Moderation: Astrid Schweighofer

PRÄSENZVERANSTALTUNG

Hörsaal 30 (HS) im Hauptgebäude der Universität Wien
Universitätsring 1, 1010 Wien

Vortrag


Abstract:

Für das Österreich der 1930er Jahre ist eine Konstellation an politischen Realitäten, soziologischen Phänomenen und kirchenpolitischen wie theologischen Deutungsmustern zu identifizieren, die in der evangelischen Minderheitskirche zu einer verhältnismäßig starken Herausbildung und Verstärkung nationalsozialistischer Affinitäten führten.

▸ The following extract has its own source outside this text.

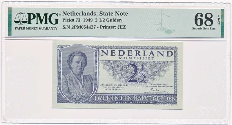 Netherlands 2.5 Guilders 1949 Juliana PMG68

Nicht nur frömmigkeits- und traditionsbezogene Unterschiede zwischen „altprotestantischen“ und „neuprotestantischen“ Milieus wurden durch die Mobilisierungs- und Integrationserfolge der (illegalen) NSDAP nivelliert, sondern auch die theologischen Grenzsetzungen zwischen den österreichischen Kirchenkampfparteien transzendiert. In den Jahren 1938/39 wurden sodann kirchenpolitische Fakten und Bilder geschaffen, die das Image einer evangelischen „Nazikirche“ festigten und bis weit in die Nachkriegszeit hinein prägten. Dennoch lässt sich spätestens ab 1940 eine aus unterschiedlichen Entwicklungen resultierende und – in kirchennahen Kreisen – vor dem politisch-theologischen Deutungshorizont der Luther’schen Zwei-Reiche-Lehre vollzogene kirchenpolitische Wende beobachten, die mit Ernüchterungen der Pfarrerschaft korrespondierte. Zu einer klaren Abkehr vom nationalsozialistischen Regime oder gar zu Widerstand im engeren Sinn führte diese Wende nicht. Sie schuf jedoch wichtige Voraussetzungen für eine nach 1945 entschieden forcierte Entideologisierung und Entpolitisierung evangelischer Kirchenpolitik und Theologie.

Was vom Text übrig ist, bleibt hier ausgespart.